Activity: Only lines with the string "your" are wanted. Pull them out of the data.

The input:
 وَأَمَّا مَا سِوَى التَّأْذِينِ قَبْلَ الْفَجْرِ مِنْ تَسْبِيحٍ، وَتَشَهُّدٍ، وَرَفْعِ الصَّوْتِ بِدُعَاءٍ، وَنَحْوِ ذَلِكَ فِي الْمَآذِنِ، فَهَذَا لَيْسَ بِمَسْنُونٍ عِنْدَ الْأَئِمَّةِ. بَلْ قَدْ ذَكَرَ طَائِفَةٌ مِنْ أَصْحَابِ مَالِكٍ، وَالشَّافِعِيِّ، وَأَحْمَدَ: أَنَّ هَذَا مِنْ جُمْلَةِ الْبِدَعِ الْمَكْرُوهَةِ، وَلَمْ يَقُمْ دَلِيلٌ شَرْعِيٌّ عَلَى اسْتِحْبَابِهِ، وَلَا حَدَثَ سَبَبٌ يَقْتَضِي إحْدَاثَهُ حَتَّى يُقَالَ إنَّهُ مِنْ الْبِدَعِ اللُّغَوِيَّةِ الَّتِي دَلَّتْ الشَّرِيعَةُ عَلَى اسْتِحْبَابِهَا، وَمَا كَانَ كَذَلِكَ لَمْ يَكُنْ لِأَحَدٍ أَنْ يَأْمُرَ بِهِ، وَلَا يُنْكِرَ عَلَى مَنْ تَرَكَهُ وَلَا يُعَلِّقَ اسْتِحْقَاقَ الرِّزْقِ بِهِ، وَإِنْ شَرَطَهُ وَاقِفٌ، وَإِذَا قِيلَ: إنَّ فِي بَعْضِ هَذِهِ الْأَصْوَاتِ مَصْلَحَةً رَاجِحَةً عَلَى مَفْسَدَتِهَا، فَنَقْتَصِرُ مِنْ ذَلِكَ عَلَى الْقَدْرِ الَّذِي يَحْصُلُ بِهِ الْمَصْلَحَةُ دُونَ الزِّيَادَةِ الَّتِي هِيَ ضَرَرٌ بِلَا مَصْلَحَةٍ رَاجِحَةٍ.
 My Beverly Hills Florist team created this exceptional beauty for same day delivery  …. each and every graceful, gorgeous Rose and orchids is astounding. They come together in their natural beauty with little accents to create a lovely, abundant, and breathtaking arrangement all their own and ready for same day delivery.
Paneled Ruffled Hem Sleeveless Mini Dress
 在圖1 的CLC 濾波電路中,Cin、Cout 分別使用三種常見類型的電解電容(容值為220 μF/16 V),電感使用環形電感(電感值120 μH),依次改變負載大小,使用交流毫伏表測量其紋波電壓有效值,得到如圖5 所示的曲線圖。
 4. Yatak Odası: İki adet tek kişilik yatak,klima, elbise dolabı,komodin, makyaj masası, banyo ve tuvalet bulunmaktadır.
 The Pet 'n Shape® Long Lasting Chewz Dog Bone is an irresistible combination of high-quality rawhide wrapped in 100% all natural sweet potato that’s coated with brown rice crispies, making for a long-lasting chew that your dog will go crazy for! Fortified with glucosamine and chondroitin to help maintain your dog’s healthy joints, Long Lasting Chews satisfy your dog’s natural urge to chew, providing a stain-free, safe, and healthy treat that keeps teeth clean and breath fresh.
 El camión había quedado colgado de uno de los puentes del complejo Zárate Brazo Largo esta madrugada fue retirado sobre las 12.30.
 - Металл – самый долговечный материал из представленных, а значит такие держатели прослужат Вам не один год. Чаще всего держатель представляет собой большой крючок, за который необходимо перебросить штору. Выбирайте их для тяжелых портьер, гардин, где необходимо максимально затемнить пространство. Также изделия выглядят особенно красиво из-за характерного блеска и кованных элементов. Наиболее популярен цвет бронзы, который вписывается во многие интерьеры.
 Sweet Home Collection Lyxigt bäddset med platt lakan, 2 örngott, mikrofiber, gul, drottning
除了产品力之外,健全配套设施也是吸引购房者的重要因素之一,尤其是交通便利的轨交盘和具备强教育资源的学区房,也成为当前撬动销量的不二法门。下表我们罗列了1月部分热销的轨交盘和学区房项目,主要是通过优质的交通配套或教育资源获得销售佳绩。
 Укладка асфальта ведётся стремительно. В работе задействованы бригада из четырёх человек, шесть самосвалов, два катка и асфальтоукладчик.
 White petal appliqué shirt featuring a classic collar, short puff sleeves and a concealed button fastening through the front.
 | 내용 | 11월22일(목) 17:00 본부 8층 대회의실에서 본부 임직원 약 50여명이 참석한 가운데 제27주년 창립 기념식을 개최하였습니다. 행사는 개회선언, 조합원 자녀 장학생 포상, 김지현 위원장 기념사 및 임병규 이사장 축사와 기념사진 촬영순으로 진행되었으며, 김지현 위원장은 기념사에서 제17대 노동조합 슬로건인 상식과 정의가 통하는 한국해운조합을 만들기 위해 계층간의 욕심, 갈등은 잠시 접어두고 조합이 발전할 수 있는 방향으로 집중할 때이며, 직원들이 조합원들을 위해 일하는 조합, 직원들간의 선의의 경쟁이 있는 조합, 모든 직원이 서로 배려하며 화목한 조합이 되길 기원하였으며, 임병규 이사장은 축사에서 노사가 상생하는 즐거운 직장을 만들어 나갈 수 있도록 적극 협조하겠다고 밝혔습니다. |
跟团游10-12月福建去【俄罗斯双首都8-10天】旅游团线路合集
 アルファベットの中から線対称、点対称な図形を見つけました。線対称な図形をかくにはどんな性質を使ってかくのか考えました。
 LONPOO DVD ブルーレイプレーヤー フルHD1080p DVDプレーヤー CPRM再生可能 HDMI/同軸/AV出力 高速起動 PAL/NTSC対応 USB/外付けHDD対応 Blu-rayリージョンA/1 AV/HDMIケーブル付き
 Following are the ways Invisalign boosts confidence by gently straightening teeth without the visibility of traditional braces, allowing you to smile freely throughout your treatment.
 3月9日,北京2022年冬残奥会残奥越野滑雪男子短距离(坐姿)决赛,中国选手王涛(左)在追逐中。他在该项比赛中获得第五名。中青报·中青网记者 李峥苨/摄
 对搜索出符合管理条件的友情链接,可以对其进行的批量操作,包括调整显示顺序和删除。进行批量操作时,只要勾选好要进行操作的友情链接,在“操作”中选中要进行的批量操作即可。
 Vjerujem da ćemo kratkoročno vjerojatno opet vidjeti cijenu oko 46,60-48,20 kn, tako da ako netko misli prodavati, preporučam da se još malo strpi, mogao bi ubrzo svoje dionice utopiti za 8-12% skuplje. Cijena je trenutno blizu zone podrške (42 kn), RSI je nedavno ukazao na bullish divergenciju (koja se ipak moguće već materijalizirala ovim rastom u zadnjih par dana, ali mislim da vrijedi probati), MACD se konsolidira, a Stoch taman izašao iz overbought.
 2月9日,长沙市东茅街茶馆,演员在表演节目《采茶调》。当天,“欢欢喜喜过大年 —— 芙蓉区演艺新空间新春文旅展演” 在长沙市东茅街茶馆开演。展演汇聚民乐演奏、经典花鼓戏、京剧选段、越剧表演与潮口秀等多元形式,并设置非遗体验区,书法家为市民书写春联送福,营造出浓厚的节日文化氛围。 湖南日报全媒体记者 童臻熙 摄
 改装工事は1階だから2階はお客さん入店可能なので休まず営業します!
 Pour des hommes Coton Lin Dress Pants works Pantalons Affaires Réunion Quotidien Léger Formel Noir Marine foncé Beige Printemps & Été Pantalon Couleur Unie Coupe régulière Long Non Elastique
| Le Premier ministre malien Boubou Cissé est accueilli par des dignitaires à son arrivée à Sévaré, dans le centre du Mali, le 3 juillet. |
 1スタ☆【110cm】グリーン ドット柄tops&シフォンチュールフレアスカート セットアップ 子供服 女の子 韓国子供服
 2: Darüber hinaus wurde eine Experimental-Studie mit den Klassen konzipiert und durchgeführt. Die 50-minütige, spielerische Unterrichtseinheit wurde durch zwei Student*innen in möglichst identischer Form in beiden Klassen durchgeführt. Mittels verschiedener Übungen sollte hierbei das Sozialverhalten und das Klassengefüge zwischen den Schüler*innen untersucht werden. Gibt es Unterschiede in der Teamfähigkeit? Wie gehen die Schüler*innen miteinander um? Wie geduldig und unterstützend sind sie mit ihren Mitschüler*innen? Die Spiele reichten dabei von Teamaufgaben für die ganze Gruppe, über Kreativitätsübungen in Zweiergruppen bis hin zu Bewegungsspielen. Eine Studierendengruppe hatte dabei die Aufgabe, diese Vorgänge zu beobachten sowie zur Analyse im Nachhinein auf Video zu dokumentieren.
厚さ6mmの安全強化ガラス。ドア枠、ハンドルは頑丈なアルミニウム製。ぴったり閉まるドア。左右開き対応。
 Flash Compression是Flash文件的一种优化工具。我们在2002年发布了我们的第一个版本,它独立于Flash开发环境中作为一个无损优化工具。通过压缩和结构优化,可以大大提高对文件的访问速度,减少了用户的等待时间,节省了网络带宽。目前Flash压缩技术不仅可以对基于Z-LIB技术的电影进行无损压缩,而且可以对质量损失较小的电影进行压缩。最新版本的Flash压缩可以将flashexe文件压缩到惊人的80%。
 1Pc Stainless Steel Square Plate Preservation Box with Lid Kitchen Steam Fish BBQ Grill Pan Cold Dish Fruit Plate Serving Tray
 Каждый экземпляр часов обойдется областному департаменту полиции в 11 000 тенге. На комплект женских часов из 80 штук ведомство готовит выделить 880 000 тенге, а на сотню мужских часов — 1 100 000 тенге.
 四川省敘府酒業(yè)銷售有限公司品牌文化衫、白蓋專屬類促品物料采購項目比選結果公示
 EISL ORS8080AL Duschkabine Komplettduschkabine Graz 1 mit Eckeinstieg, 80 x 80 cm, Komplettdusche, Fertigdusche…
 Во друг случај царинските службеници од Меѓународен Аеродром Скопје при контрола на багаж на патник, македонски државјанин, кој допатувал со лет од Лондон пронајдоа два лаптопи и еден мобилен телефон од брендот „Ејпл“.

Reply to the exercise:
 The Pet 'n Shape® Long Lasting Chewz Dog Bone is an irresistible combination of high-quality rawhide wrapped in 100% all natural sweet potato that’s coated with brown rice crispies, making for a long-lasting chew that your dog will go crazy for! Fortified with glucosamine and chondroitin to help maintain your dog’s healthy joints, Long Lasting Chews satisfy your dog’s natural urge to chew, providing a stain-free, safe, and healthy treat that keeps teeth clean and breath fresh.
 Following are the ways Invisalign boosts confidence by gently straightening teeth without the visibility of traditional braces, allowing you to smile freely throughout your treatment.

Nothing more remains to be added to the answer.